But something more sinister also lurks beneath. We experience the prettiness of gardens and yet these landscapes – with their artificially luminous skies and crowded foregrounds – are almost suffocating.
These scenes are not simply a representation of reality but something out of the dreamscape. When we come closer, the works have an abstracted quality, dissolving into a plane of colours and textures. The apocalyptic skies and foreboding trees, the claustrophobic pulsing of plants, suggest an anxious almost overwrought state of mind. Thus, these works imply an understanding of the fragility of life, chance and the fact that everything can change in an instant – just like the weather can turn.
Symbols are littered throughout these paintings like clues. The red and orangey-pink flowers seem almost wound-like. And with any wound there is pain but also an opening, en route to a different understanding. Topiared hedges and flowery bushes stand in for gendered anatomies. And we see tall poplar trees littered throughout, referencing a (male) individual. The artist has also played with the convention of ‘the fold’ in a number of these works, signalling an interest in the hidden and how images can open and close. And indeed these works seem to fold in on themselves, merging genres from abstract and figurative painting, to landscape and self-portrait.
In attempting to impose order on our gardens, we also hide histories and legacies. There is an undeniable violence underlying this bucolic ideal. We live during a time when the garden can no longer be experienced as a neutral Arcadia. There is always also a question of power and loss, compromise and complicity, fragility and extinction.
Conversely, gardens can and do exist for the public good and can be a means of nurturing our environment. They are also sites of great care, tenderness and attention. Anyone who has ever had a garden knows how much work it is to maintain. It is a constant effort to pull the weeds, grow the annuals, tame the hedges and mow the lawns. Gardens are constantly pushing back at our attempts to control them, almost yearning to return to their original state of wildness.

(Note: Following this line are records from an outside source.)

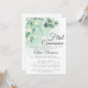 Step into the serene elegance of "Eucalyptus Greenery Simple First Communion" with our customisable invitation template. Embrace the beauty of nature with delicate eucalyptus accents, perfect for your child's memorable occasion. With this template, you have the power to personalise every detail, ensuring your invitations reflect your unique style and celebration. Choose between convenient print orders or instant downloads, making preparation effortless and stress-free. Whether it's a traditional church ceremony or a cosy family gathering, our invitation template sets the perfect tone for your child's special day. Order yours today and let the celebration begin!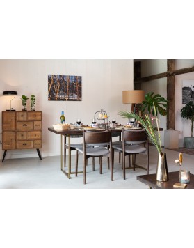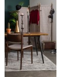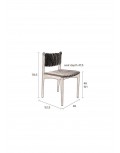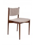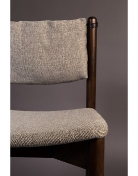 Tejido 100% poliéster con diseño de espiga. Asiento de madera contrachapada con espuma de PU, densidad 30. Cojín del respaldo extraíble con relleno de fibra. Estructura de madera maciza de caucho con respaldo de acacia lacada marrón. Carga máxima de peso: 130 kg. Dimensiones: 46 × 52,5 × 78,5 cm (WxDxH). Altura del asiento: 46 cm Profundidad del asiento: 47,5 cm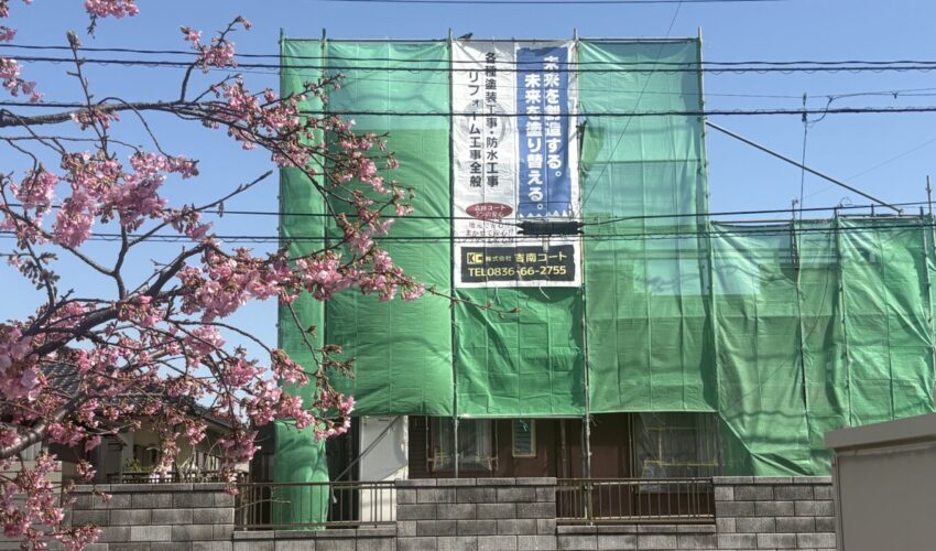 山口市の住宅では外壁塗装工事が始まりました。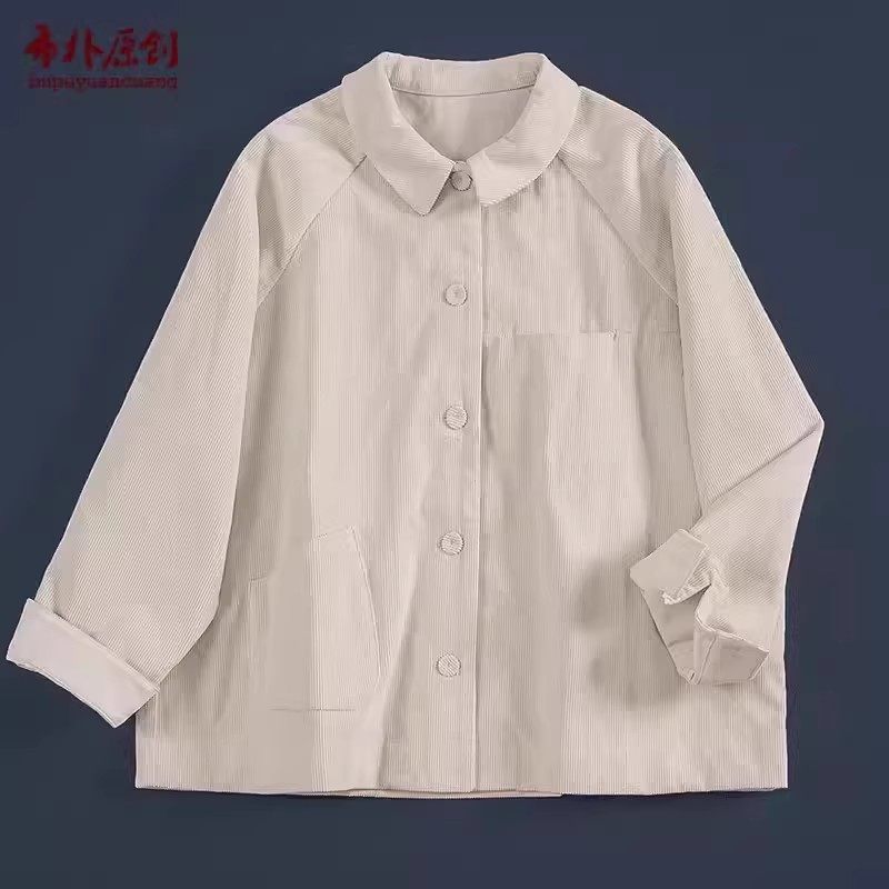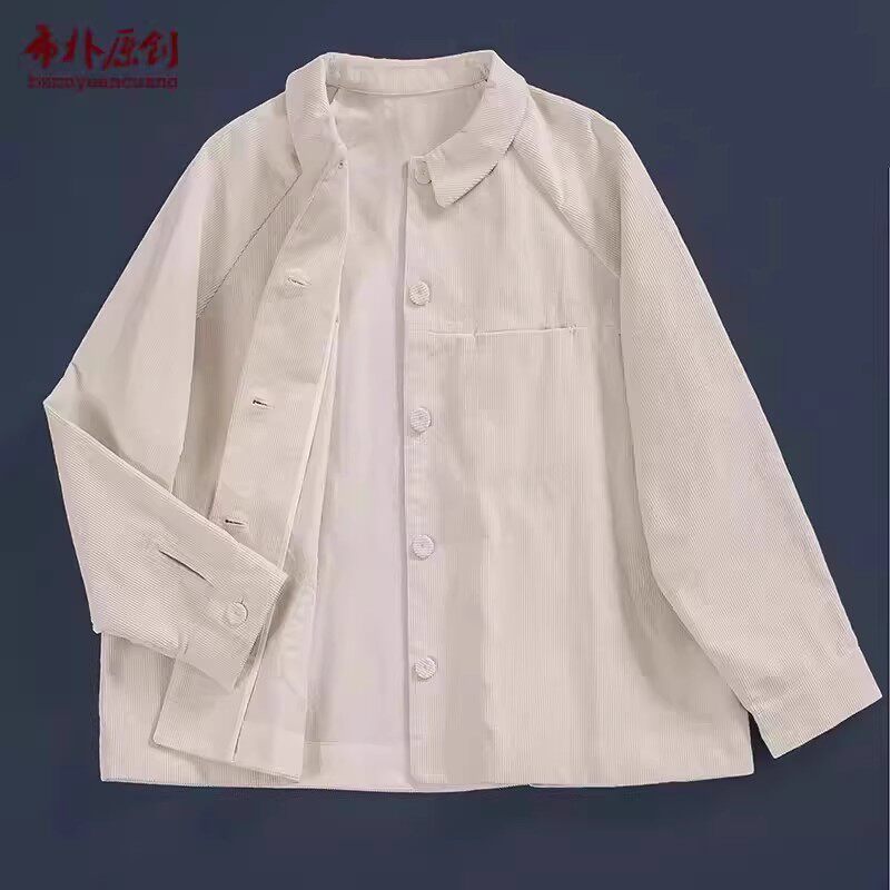 减龄外套女 全棉灯芯绒面料翻领开襟米白长袖 布朴家作2026春季 新款

Something similar could be said for human psychology. There are endless rules, spoken and unspoken, we are expected to follow – in the ways we dress, speak, work, write, love and even dream. We follow these rules for many reasons – to fulfil our part in the social contract and for our own sense of peace, stability and order. But secretly, there’s a part of us that is like the garden – longing for disorder, tending towards wildness.
Kari Schmidt 2026

Oil on linen. 66x66cm. 2025.


Oil on linen. 56x56cm. 2025.

In All Systems Tend Toward Disorder, Michael Greaves turns the garden into a metaphor for perception, a stage where human order meets the inevitability of decay. These paintings are not of nature, but of our urge to frame it, to beautify and control what resists control.

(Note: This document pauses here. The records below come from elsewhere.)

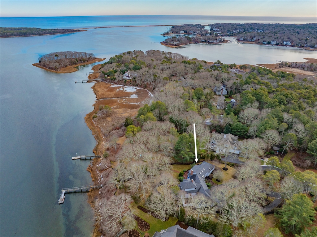 Experience the waterfront allure of Punkhorn Point ! Sited on a 1.78 acre lot, this beautiful Contemporary home has water views from all rooms. Enjoy boating from your private dock. The first floor primary suite includes hardwood floors, cathedral ceiling, walk-in closet with skylight and an elegant bath with whirlpool tub and full tiled shower. The home features 3 additional bedrooms, first floor office, sunken living room, dining room with fireplace. family room with beautiful built-ins, fireplace wet bar & a comfortable screened-in porch. The traditional gourmet kitchen features skylights, cathedral ceiling, Wolf appliances, granite countertops and Sub Zero refrigeration as well as a lovely breakfast nook. There is an expansive deck to relax or entertain all summer long! With Mashpee Commons and South Cape Beach close by this private, yet convenient location is perfect for all your needs.
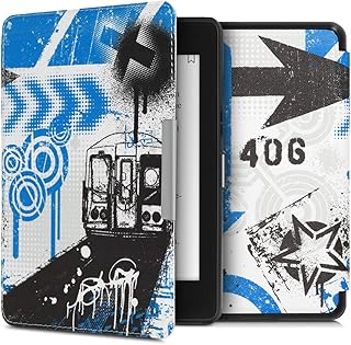 kwmobile Étui liseuse Compatible avec Amazon Kindle Paperwhite (10. Gen - 2018) - Housse avec Rabat magnétique en Simili Cuir - Graffiti Bleu-Noir-Blanc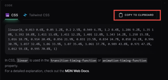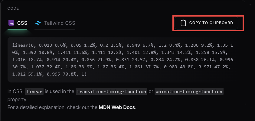 Scrolling further down reveals the easing function code that creates the animation. You can choose between CSS and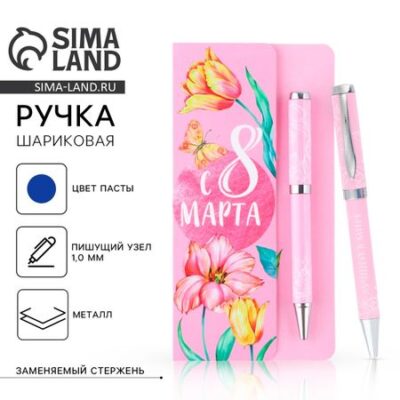 Ручка шариковая, синяя паста, 1.0 мм, на открытке металл, 1 мм «С 8 марта». Ручка отличное дополнение к подарку. Яркий дизайн несомненно привлечет внимание и будет выделяться среди других предметов, а удобная форма корпуса позволит использовать ее с комфортом. <ul> <li> Цвет стержня: синий;</li> <li> Стержень заменяемый: да;</li> <li> Материал: металл;</li> <li> Форма корпуса: круглая.</li> </ul>
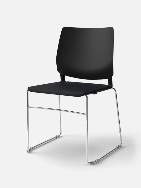 Melita 100% recycled and recyclable chair is available with a painted black skid base and no arms. For more information, visit Melita stacking chair, or Melita stool.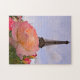 Challenge your puzzle making skills with this shot from Paris of the Eiffel Tower and the spring blooms.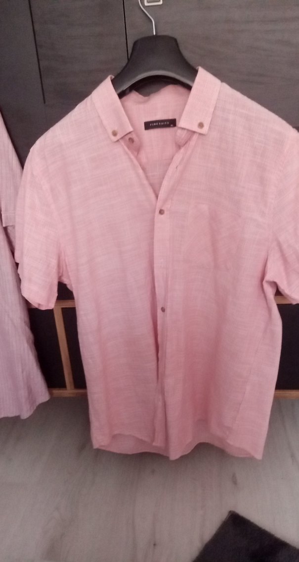 Erkekler için keten kumaştan, kısa kollu ve yakalı, düğmeli, rahat kesim pembe gömlek. Günlük sokak stiline uygun.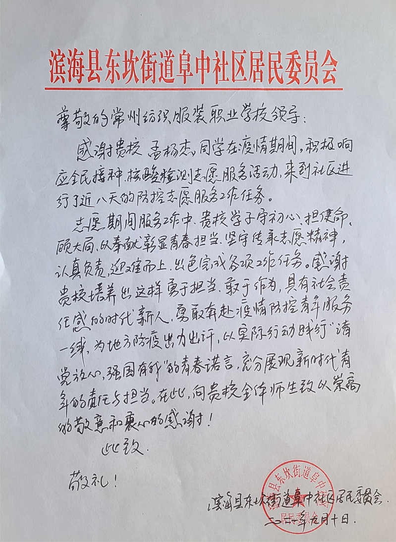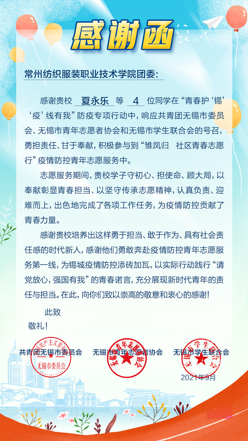 近日,永利官网分别收到来自共青团无锡市委员会、无锡市青年志愿者协会、无锡市学生联合会和滨海县东坎街道阜中社区的感谢信。信中分别感谢了永利官网人文学院夏永乐、曹嘉柠、王一凡,机电学院左枫凡和经贸学院孟杨杰在当地社区疫情防控工作期间作出的贡献。5位同学用新时代青年的勇气与担当、热情与坚守,赢得了社会的肯定,为当地的防疫工作提供了有温度、有力度的服务保障。

The garden here becomes a mask: a surface of cultivated calm concealing the pulse of disorder beneath. Each brushstroke rehearses this tension, the desire to compose, the acceptance of collapse. Form gathers, disperses, gathers again.
Drawing on Bergson and Merleau-Ponty, Greaves paints perception as something lived and temporal, a conversation between body and world, between seeing and being seen. The works hover between structure and dissolution, memory and immediacy, order and entropy.
What emerges is not landscape, but consciousness itself: a record of our attempts to hold still the passing flow of time. In these shifting, luminous fields, Greaves reveals that beauty is never fixed, it is what flickers, momentarily, before disorder resumes.
James Leigh Van Roche. 2025.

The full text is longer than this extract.